Citizen science encompasses a variety of activities in which citizens are involved in doing science (Shirk et al., 2012; Haklay, 2013; Thiel et al., 2014; Cooper, 2016). Part of the excitement about CS is the number of scientific disciplines that have adopted a citizen science approach. For instance, astronomy has used CS to map galaxies (Galaxy Zoo), chemistry to understand protein folding (FoldIt), computer science to refine algorithms (SciPy), ecology to document coral reef biodiversity (REEF), environmental science to monitor water quality (Acid Rain Monitoring Project), and geography to map features of cities (OpenStreetMap). CS is a rapidly expanding field involving over 1,000 advertised projects (Scistarter websites). Pocock et al. (2017) identified over 500 CS projects in the ecology and environmental area alone.

At the center of many citizen science programs is the contribution citizens make to gathering and/or scoring observations (Miller-Rushing et al., 2012; Shirk et al., 2012; Bonney et al., 2014, 2016), but concerns regarding citizen contributions arise for several reasons (Cohn, 2008; Riesch and Potter, 2014; Burgess et al., 2017). By definition, participants share a common interest to participate but are not trained experts (Thiel et al., 2014; Cooper, 2016; Eitzel et al., 2017) leading to inherent doubt about their abilities (Cohn, 2008; Bonney et al., 2014, 2016). Citizen science participants may be trained for the specific tasks of the programs in which they participate, but there is often no requirement for them to have formal training, accreditation, or a degree (Freitag et al., 2016). Furthermore, there may be no requirement for participants to regularly practice the skills needed.
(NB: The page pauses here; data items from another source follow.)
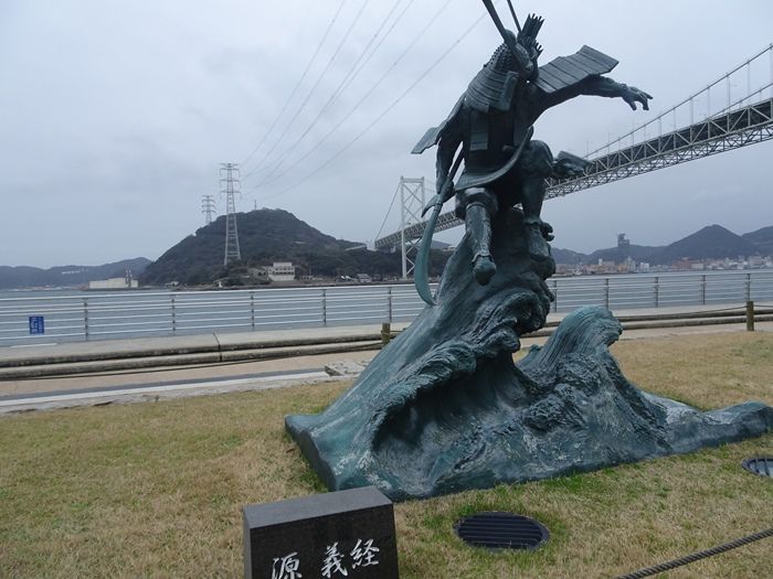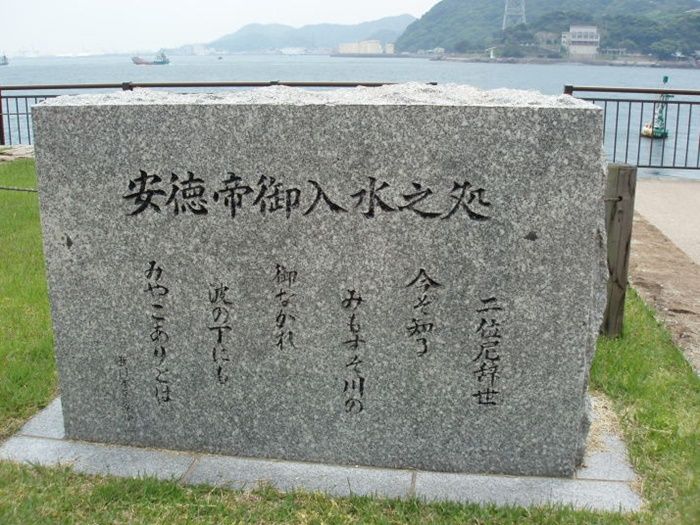 公園内には、源義経・平知盛両雄の像とともに、安徳帝御入水之処碑が配置されており、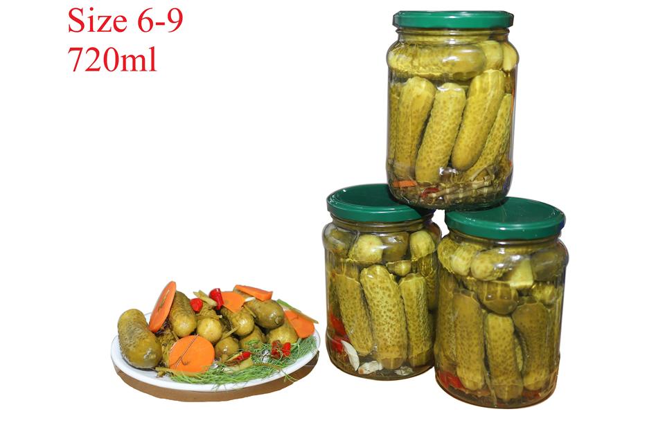 Vietnam Small Size Baby Pickled Cucumber Gherkins 720ml 500ml Salt Preserved Style Canned Drum 100% Fresh 2 Year Shelf Life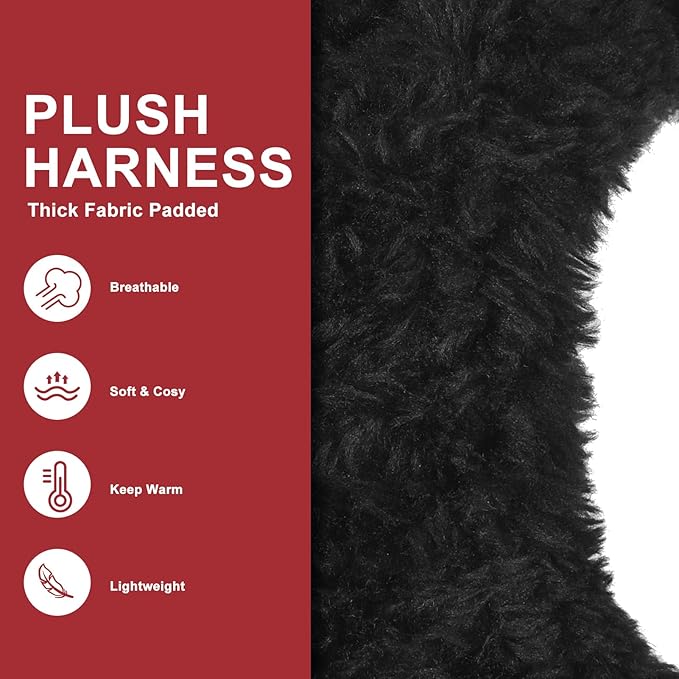 EXPAWLORER Fleece Lined Step-in Dog Harness - Soft Plush Padded Puppy Harness and Leash Set with Adjustable Dog Collar, No Pull Escape Proof Suede Dog Vest Harness for Small Dogs, Red & Black S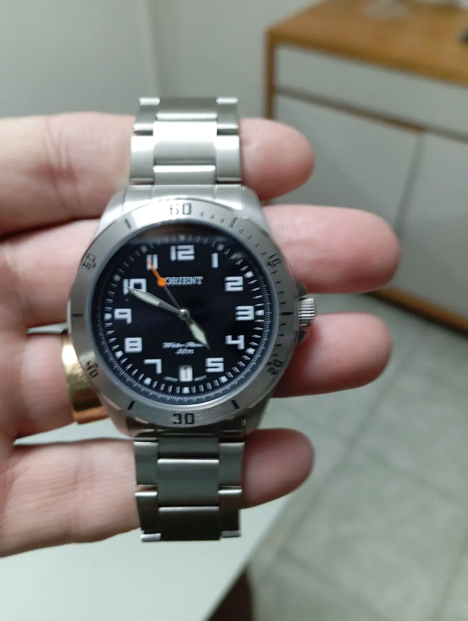 Relógio Orient com design moderno e elegante. Perfeito para o dia caixa em aço resistente a água.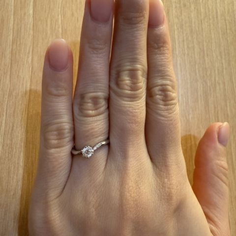 シンプルで一粒だけのダイヤモンドはすごく輝いており、着け心地もいいのでこれにしました。素材もずっと付けていても大丈夫な鍛造なので安心して毎日つけていられます。指輪の内側についている刻印も凄く綺麗で全部に見惚れてしまいます!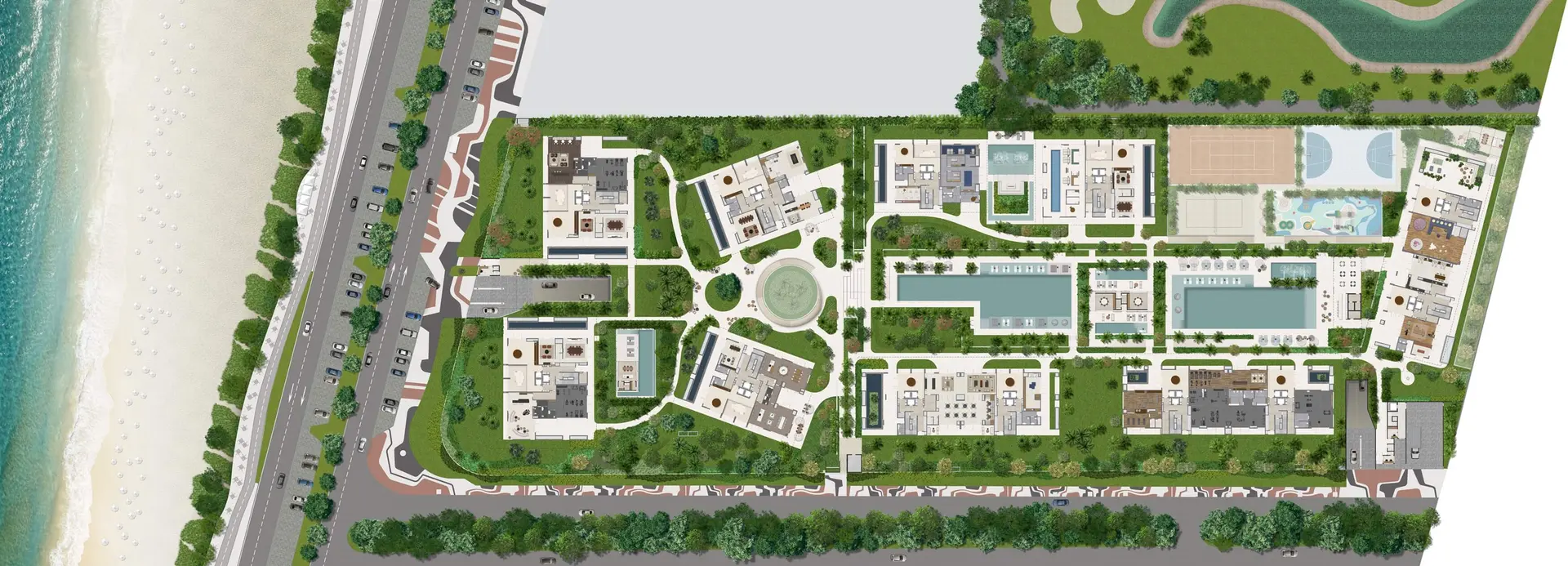 São apenas 132 residências em um terreno de 30 mil m², com mais de 27 mil m² dedicados a lazer e bem-estar, distribuídos em 9 edifícios de arquitetura contemporânea.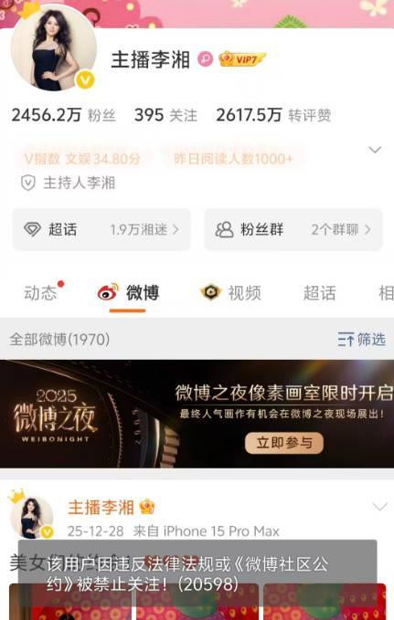 1月16日,极目新闻记者注意到,前湖南卫视主持人李湘的抖音、小红书和微博的账号被禁止关注。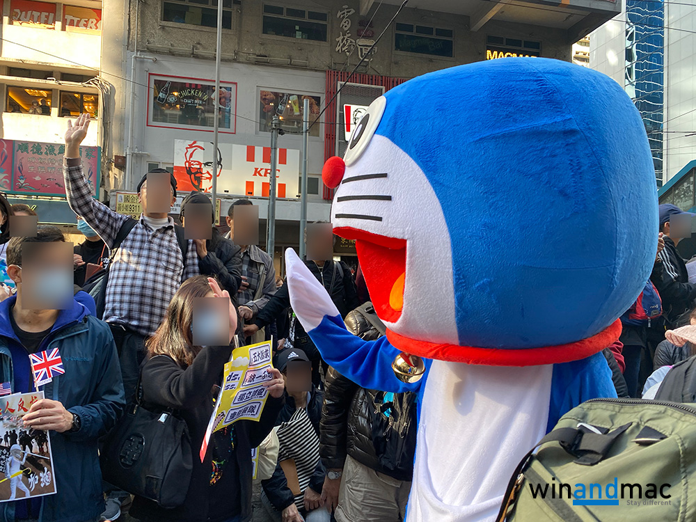 除了維尼熊外,疑似叮噹也來到現場為大家打氣。

In our experience, CS program managers are well aware that the quality of the scientific data their programs produce is paramount to success. A survey by Hecker et al. (2018) suggests that after funding considerations, data quality is the most important concern for program managers (also see Peters et al., 2015). Significant progress is being made in understanding and improving DQ in citizen science. Many papers have been written assessing the DQ of a specific project, and papers starting around 2010 have provided broader context (Alabri and Hunter, 2010; Haklay et al., 2010; Sheppard and Terveen, 2011; Wiggins et al., 2011; Goodchild and Li, 2012; Crowston and Prestopnik, 2013; Hunter et al., 2013; Thiel et al., 2014; Kosmala et al., 2016; Lukyanenko et al., 2016; Muenich et al., 2016; Blake et al., 2020; López et al., 2020). Also, there have been efforts to compare data quality across projects (Thiel et al., 2014; Aceves-Bueno et al., 2017; Specht and Lewandowski, 2018).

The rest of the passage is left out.